Changing out the throttle return spring on my 406 completely cured my stiff pedal. It was so bad my foot would practically go to sleep holding the "pedal to the metal" when using full throttle on long steep grades!
 

·
Registered
85' U1300L Holset Turbo VA A/C, 66' Propane 404.1 rock mog, 1975 416 Doka, G500, Volvo C303
Joined
·
5,009 Posts
Bryan, check out Needamog's Push-Pull-Throttle-Cable-Mod thread... Some good info there.

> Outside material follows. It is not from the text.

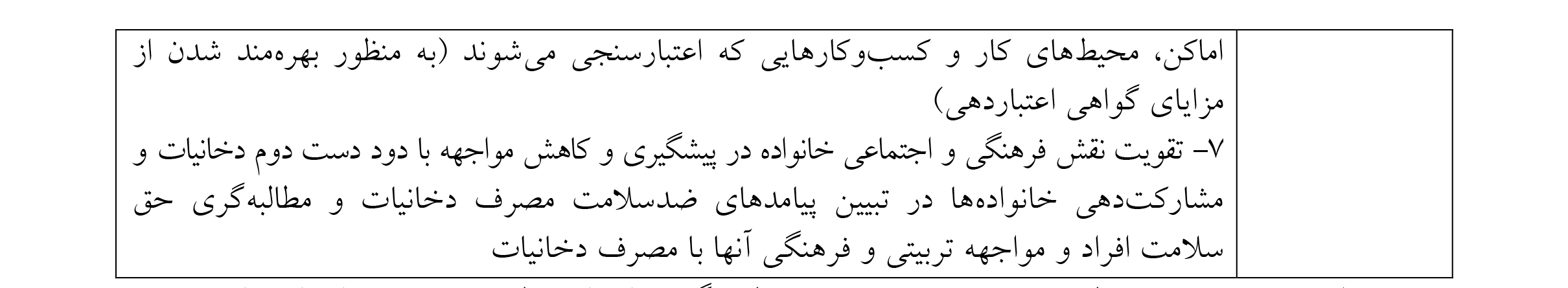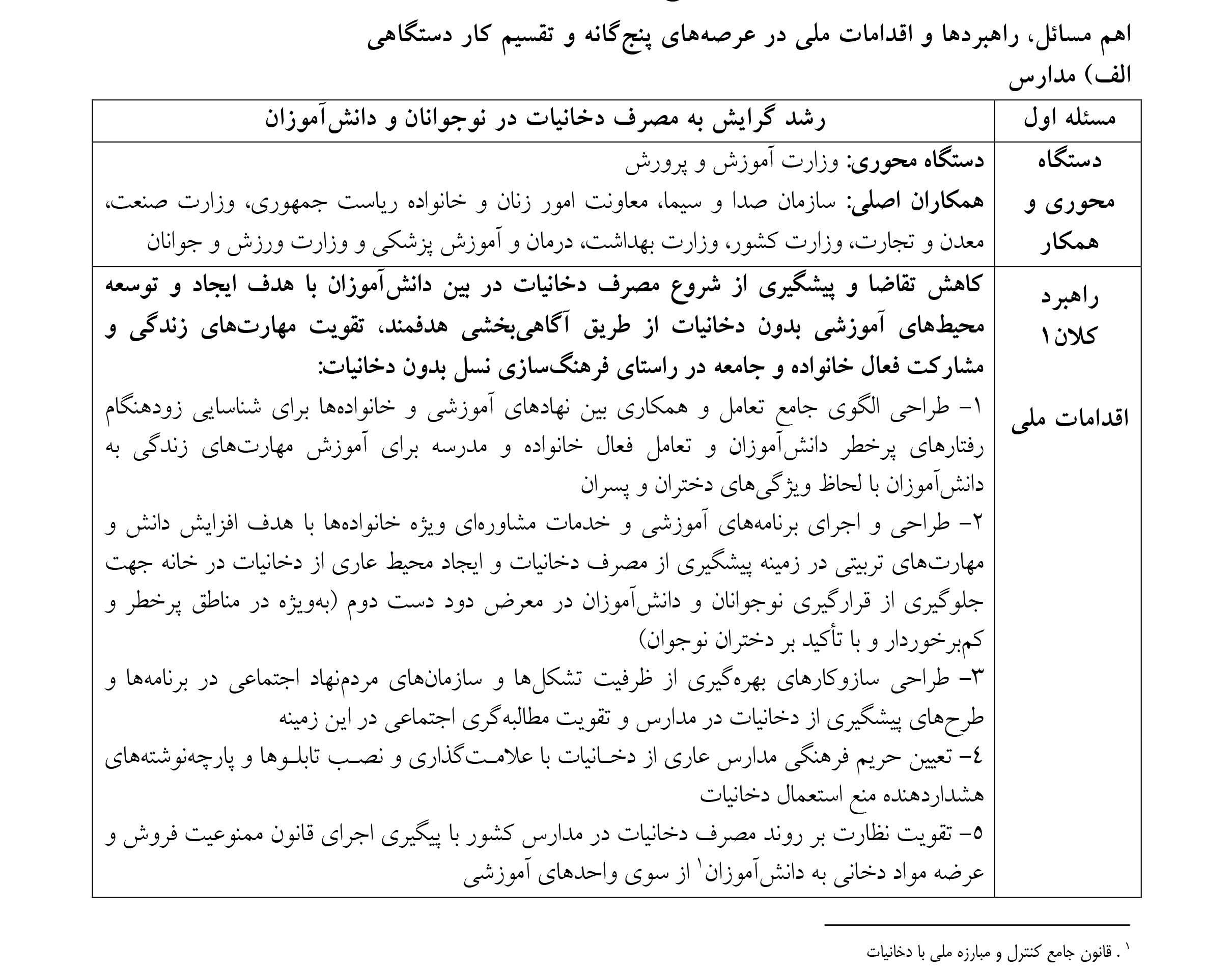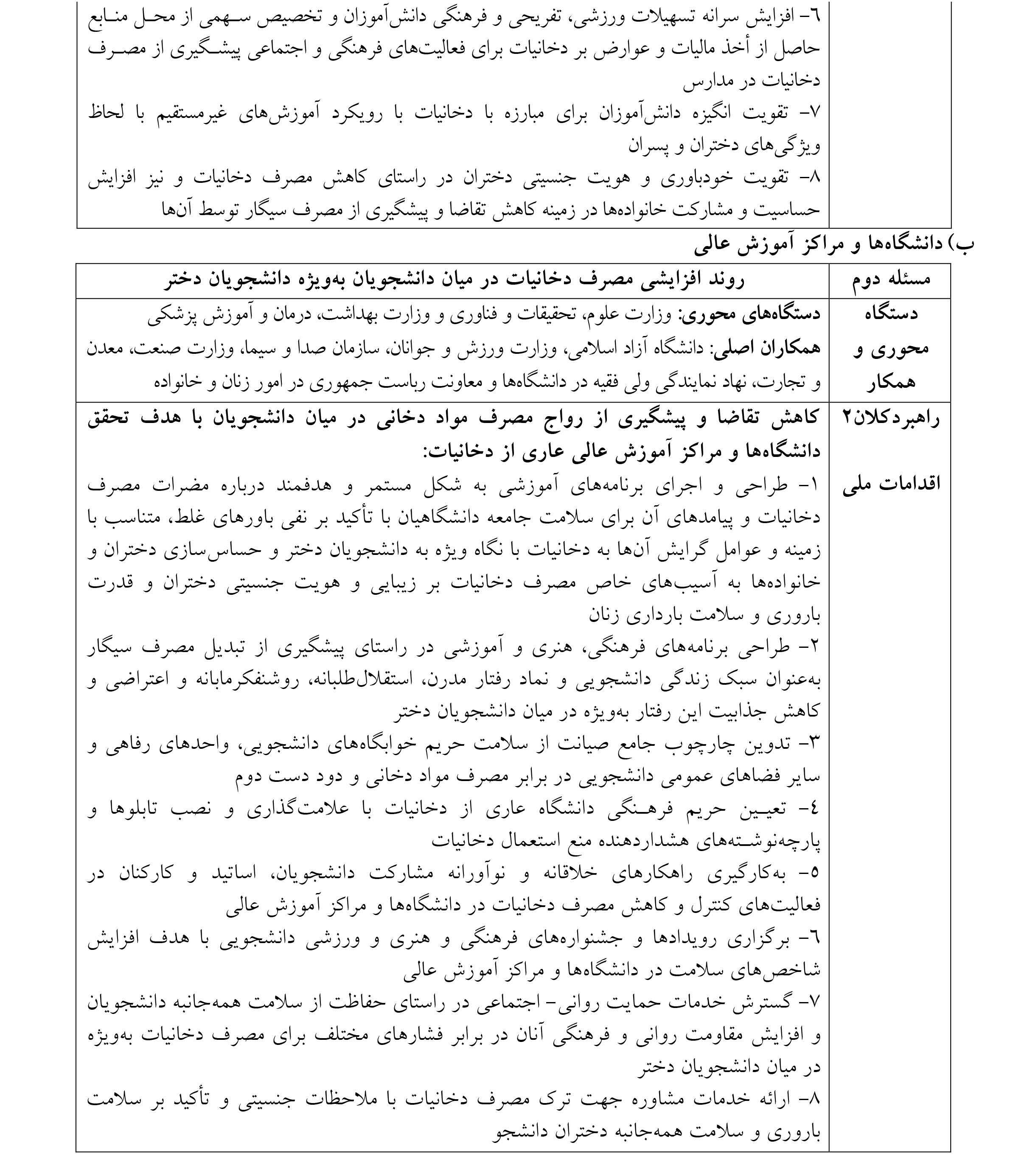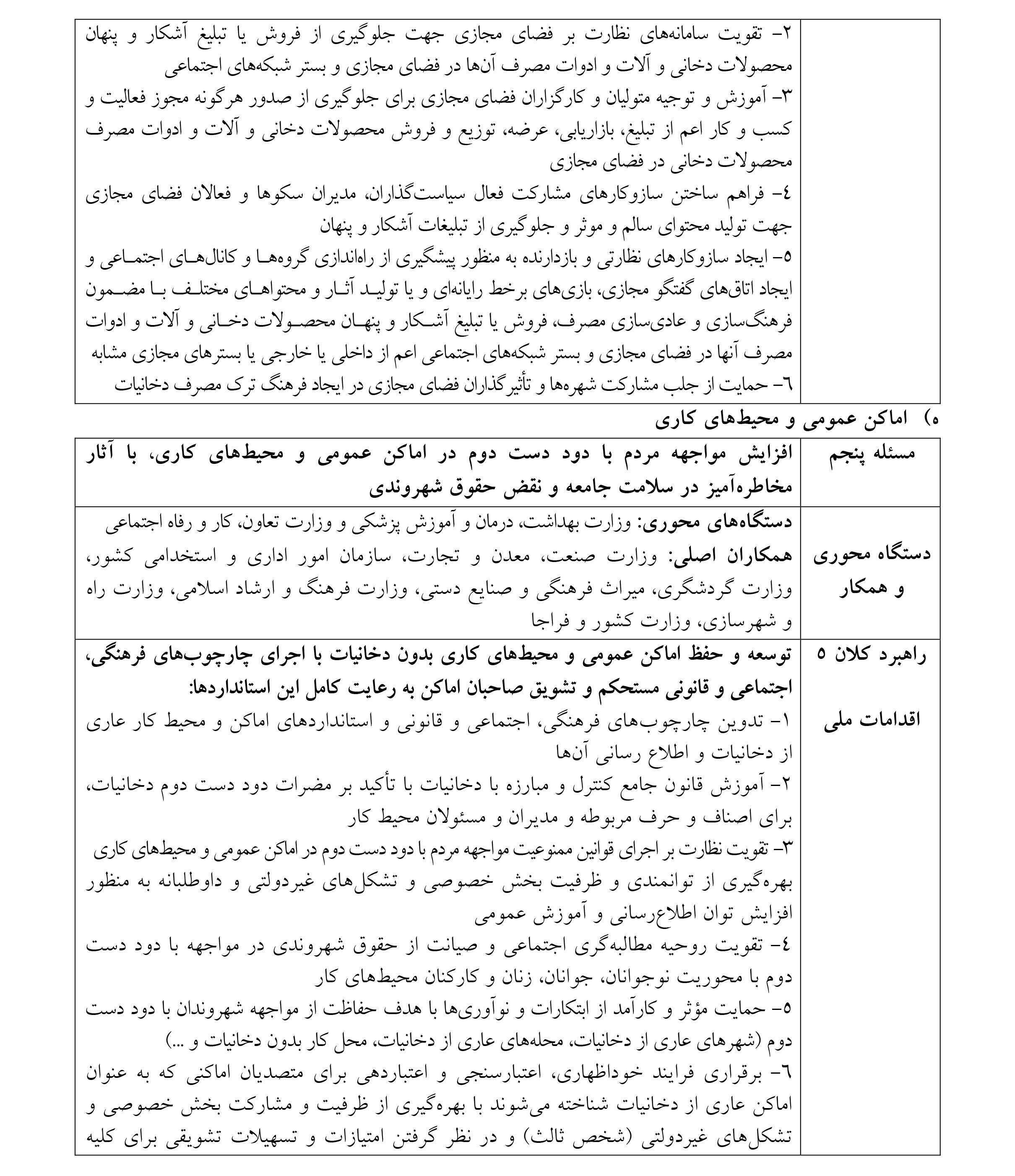 رویکرد فرهنگی و اجتماعی به موضوع مصرف دخانیات را میتوان به عنوان مکملی بر قوانین موجود در این عرصه و دریچهای نو در برنامه کنترل و مبارزه ملی با دخانیات در کشور دانست. در این راستا، این مصوبه بر پنج عرصه اولویتدار، شامل: مدارس، دانشگاهها و مراکز آموزش عالی، آثار و تولیدات چندرسانهای، فضای مجازی، اماکن عمومی و محیطهای کاری با هماهنگی و مشارکت دستگاهها، خبرگان، فعالان و گروههای مردمی فعال در حوزه پیشگیری و مقابله با مصرف دخانیات، به شرح ذیل تمرکز دارد
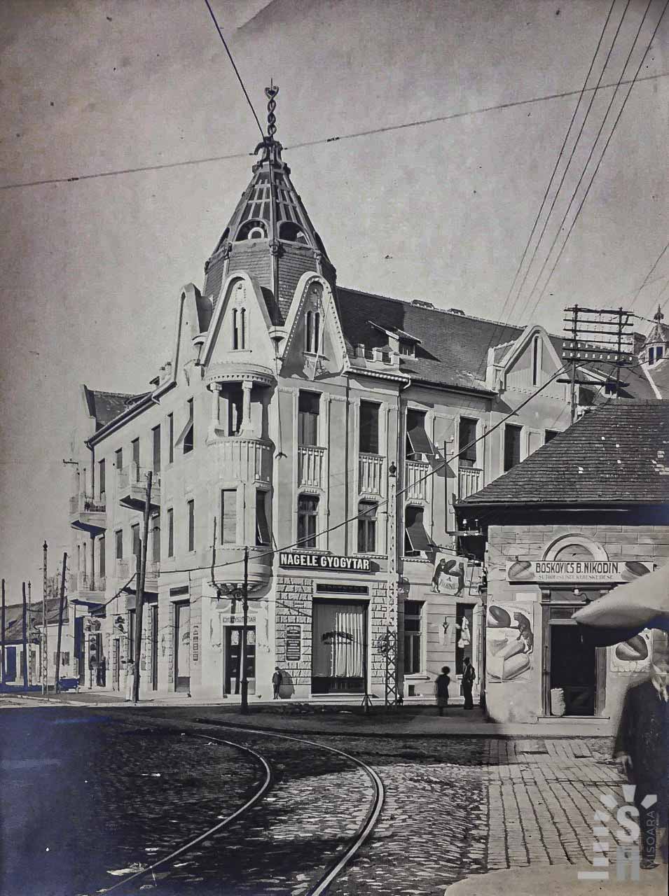 Farmacia a aparținut, succesiv, mai multor farmaciști: Alexander Supp (1891–1893), Eduard Feigl (1893–1894), Ernest Weinrich (1894–1897) și Ignác Neumann (1898–1905). În 1898, clădirea a intrat în proprietatea lui Anton Nägele. La comanda acestuia, arhitectul Henrik Telkes a întocmit proiectul unei clădiri cu două etaje, în stil Secession.

Changing out the throttle return spring on my 406 completely cured my stiff pedal. It was so bad my foot would practically go to sleep holding the "pedal to the metal" when using full throttle on long steep grades!
That's the one! :thumbsup:
 

·
Registered
U1300L Turbo x 3
Joined
·
754 Posts
One solution that works is to replace all the pivot points with bronze bushings, adjust the position of the engine side pedal pivot, and replace the crappy secondary throttle foot wheel (nylon spinner on a stick) with a wheel that has a real ball bearing in it.

This doesn't show all of it, but it worked well enough that you can feel the tractor governor pulse and push back on your foot, and also gave the go pedal about the same effort as a honda civic.


Bryan, check out Needamog's Push-Pull-Throttle-Cable-Mod thread... Some good info there.

Changing out the throttle return spring on my 406 completely cured my stiff pedal. It was so bad my foot would practically go to sleep holding the "pedal to the metal" when using full throttle on long steep grades!